----- Material for this task

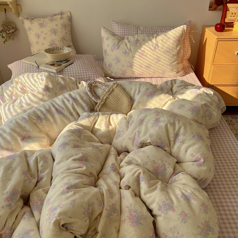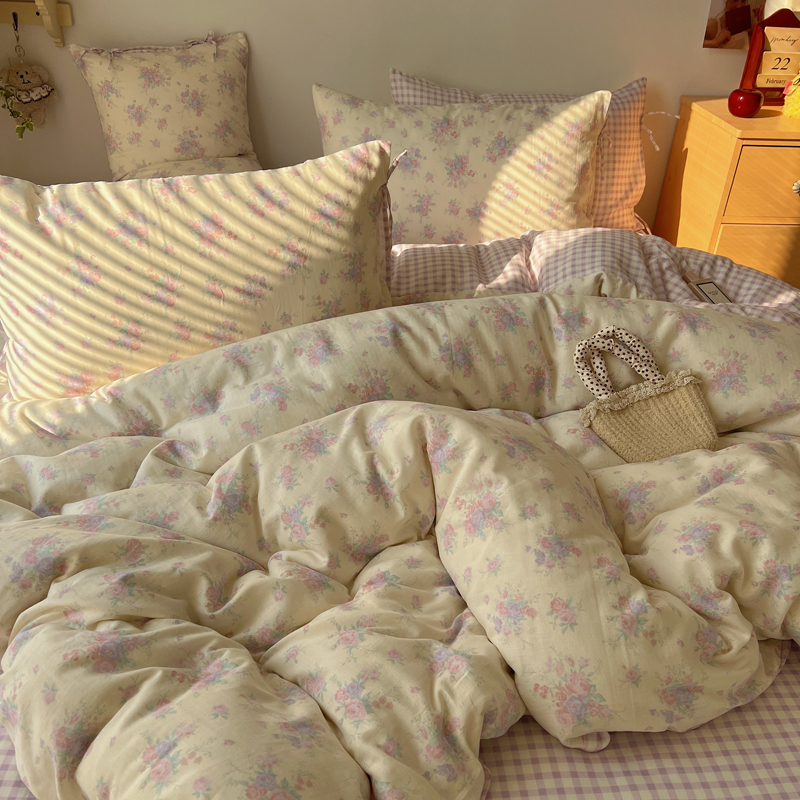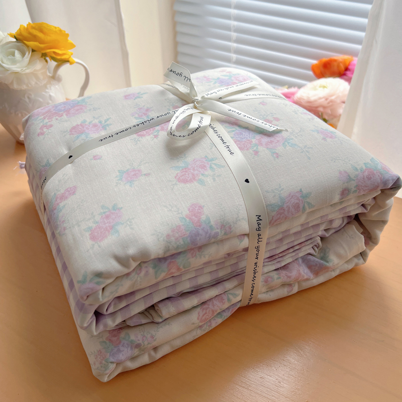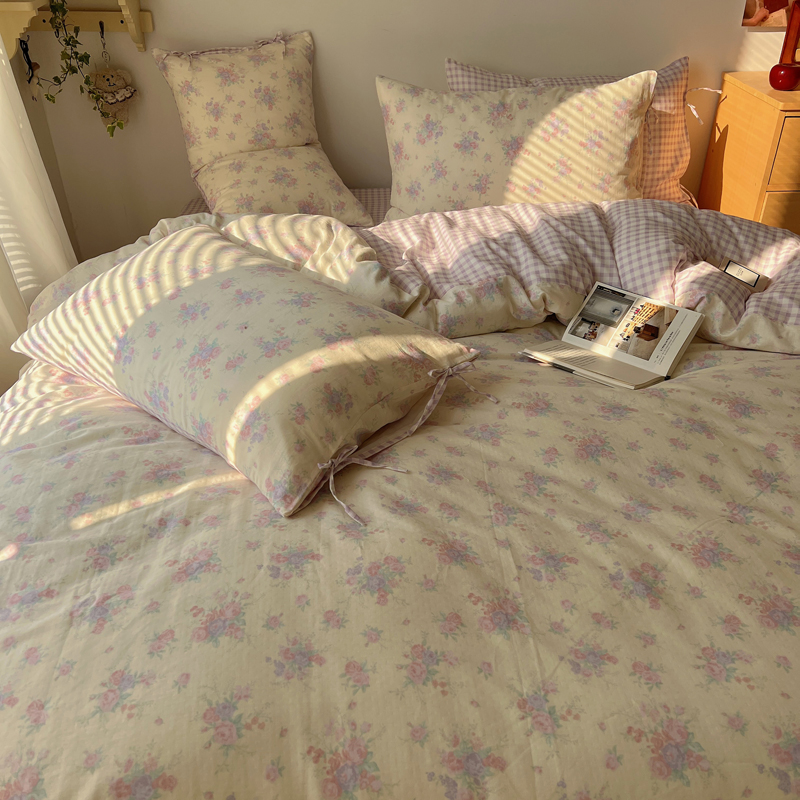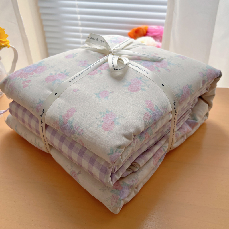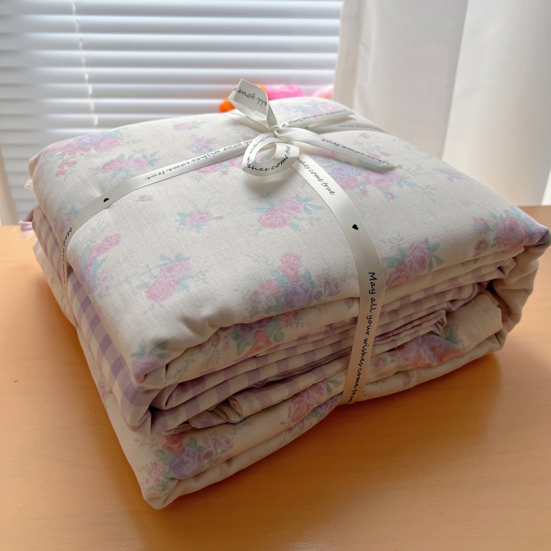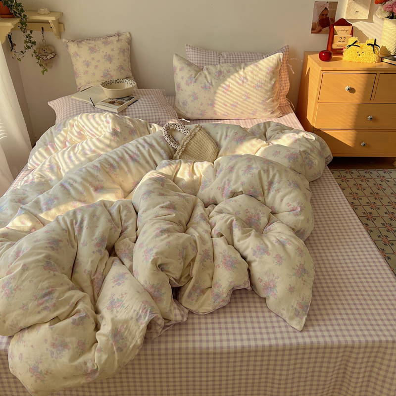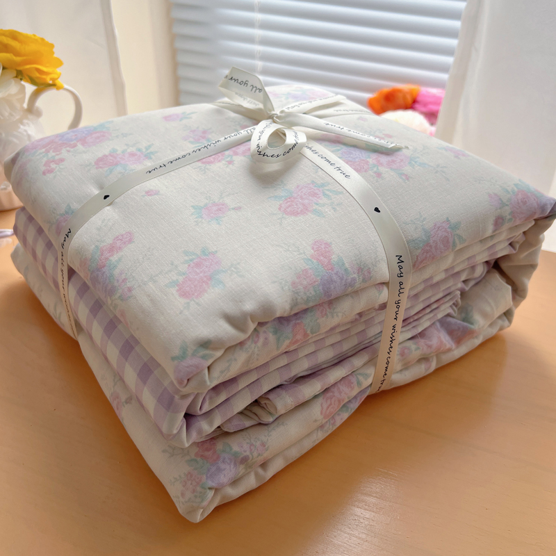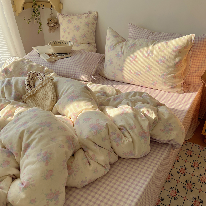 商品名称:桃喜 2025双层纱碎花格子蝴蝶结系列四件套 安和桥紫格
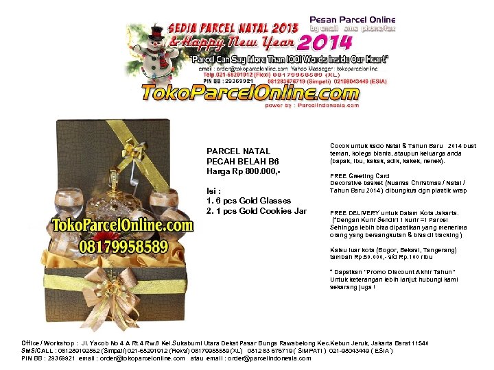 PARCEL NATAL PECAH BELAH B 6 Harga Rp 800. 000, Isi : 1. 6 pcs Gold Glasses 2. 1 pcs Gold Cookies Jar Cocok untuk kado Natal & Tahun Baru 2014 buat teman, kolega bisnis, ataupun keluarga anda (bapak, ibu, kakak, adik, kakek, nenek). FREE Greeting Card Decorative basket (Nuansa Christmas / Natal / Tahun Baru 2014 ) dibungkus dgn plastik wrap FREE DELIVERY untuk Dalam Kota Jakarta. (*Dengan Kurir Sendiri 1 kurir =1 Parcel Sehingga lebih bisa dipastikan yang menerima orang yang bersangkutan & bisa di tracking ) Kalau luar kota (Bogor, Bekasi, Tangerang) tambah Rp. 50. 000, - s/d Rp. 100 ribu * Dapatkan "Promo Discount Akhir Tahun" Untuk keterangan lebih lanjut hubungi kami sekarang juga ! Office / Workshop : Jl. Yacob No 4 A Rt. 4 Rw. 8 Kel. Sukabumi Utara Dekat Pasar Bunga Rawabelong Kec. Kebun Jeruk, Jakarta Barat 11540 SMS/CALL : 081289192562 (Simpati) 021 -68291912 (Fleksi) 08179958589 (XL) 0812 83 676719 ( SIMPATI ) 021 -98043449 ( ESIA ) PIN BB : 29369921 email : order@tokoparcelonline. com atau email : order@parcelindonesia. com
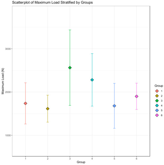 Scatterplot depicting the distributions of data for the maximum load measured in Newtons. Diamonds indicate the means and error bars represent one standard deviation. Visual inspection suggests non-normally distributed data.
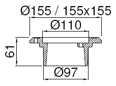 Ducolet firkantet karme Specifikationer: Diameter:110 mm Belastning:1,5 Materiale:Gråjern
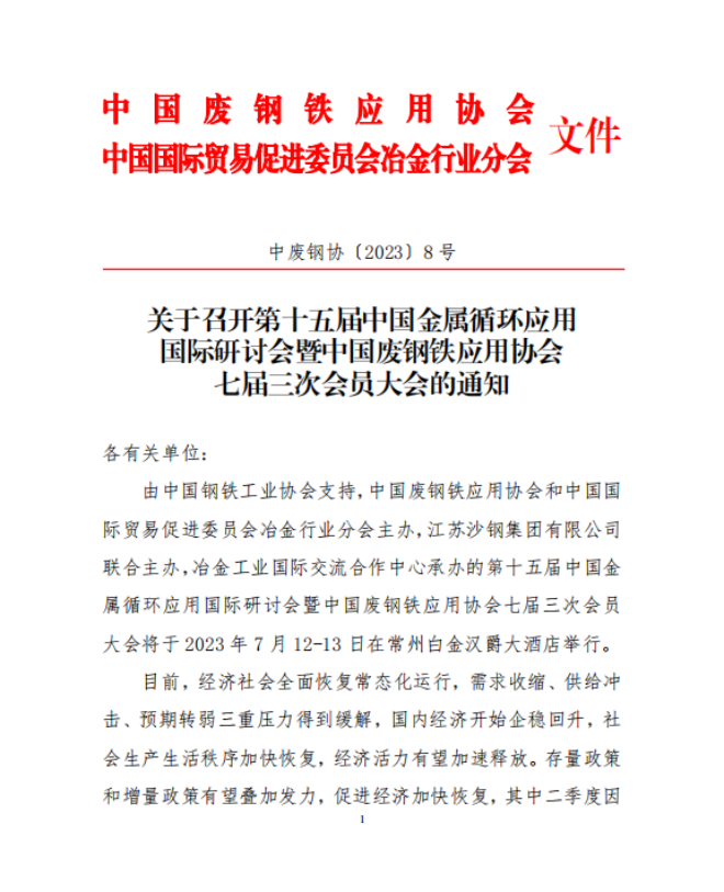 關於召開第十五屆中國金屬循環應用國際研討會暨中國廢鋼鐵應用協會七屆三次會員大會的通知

----------

• Task instructions
Omit every picture, and please return the entries exactly from the first line through the line with "PARCEL NATAL PECAH", both included.

• Response box
 商品名称:桃喜 2025双层纱碎花格子蝴蝶结系列四件套 安和桥紫格
 PARCEL NATAL PECAH BELAH B 6 Harga Rp 800. 000, Isi : 1. 6 pcs Gold Glasses 2. 1 pcs Gold Cookies Jar Cocok untuk kado Natal & Tahun Baru 2014 buat teman, kolega bisnis, ataupun keluarga anda (bapak, ibu, kakak, adik, kakek, nenek). FREE Greeting Card Decorative basket (Nuansa Christmas / Natal / Tahun Baru 2014 ) dibungkus dgn plastik wrap FREE DELIVERY untuk Dalam Kota Jakarta. (*Dengan Kurir Sendiri 1 kurir =1 Parcel Sehingga lebih bisa dipastikan yang menerima orang yang bersangkutan & bisa di tracking ) Kalau luar kota (Bogor, Bekasi, Tangerang) tambah Rp. 50. 000, - s/d Rp. 100 ribu * Dapatkan "Promo Discount Akhir Tahun" Untuk keterangan lebih lanjut hubungi kami sekarang juga ! Office / Workshop : Jl. Yacob No 4 A Rt. 4 Rw. 8 Kel. Sukabumi Utara Dekat Pasar Bunga Rawabelong Kec. Kebun Jeruk, Jakarta Barat 11540 SMS/CALL : 081289192562 (Simpati) 021 -68291912 (Fleksi) 08179958589 (XL) 0812 83 676719 ( SIMPATI ) 021 -98043449 ( ESIA ) PIN BB : 29369921 email : order@tokoparcelonline. com atau email : order@parcelindonesia. com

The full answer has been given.